Although the electrical conductivity of Ga is sufficient for building electronic devices, it is still one magnitude lower than Cu. Therefore, further improving the conductivity of Ga based materials is of critical importance to enhance the performance of Ga based devices [159].

Currently, most of the research about Ga based materials have been limited in the lab. There is an urgent necessity for a smooth transition of the experimental findings to industries. For example, the safety issue and mileage anxiety of LIBs have always been huge obstacles for the development of electric vehicles. The current investigations have shown a promising future of solving those problem in the mild experimental conditions using the transformable Ga based LM materials to avoid the penetration of separator by the formed Li dendrite and suppress the expansion and damage of anode. However, the real scenario is more complicated with a great number of variables. Thus, more research must be done according to the strict testing standards.
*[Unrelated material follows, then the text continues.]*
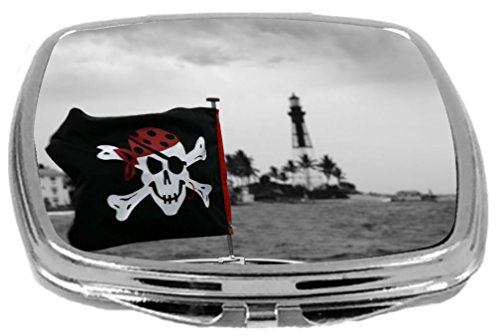 Rikki Knight Compact Mirror, Pirate Flag In Black and Red
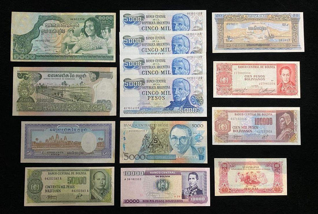 World Banknotes, a group of 14x, including: Bolivia, 50000, 10000 and 100000 bolivianos, 1984; Bolivia, 100 bolivianos, 1962; Laos, 10 kip, ND (1968); Brazil,

In spite of those aspects to improve, the fruitful progresses of Ga based materials in recent years have showed a bright future of this new-generation functional materials. We strongly believe that with many unique properties Ga based LM materials will boost in all sorts of emerging research fields and industrial applications to facilitate people’s daily lives, innovate medical treatment, alleviate energy crisis and promote robotic artificial intelligence.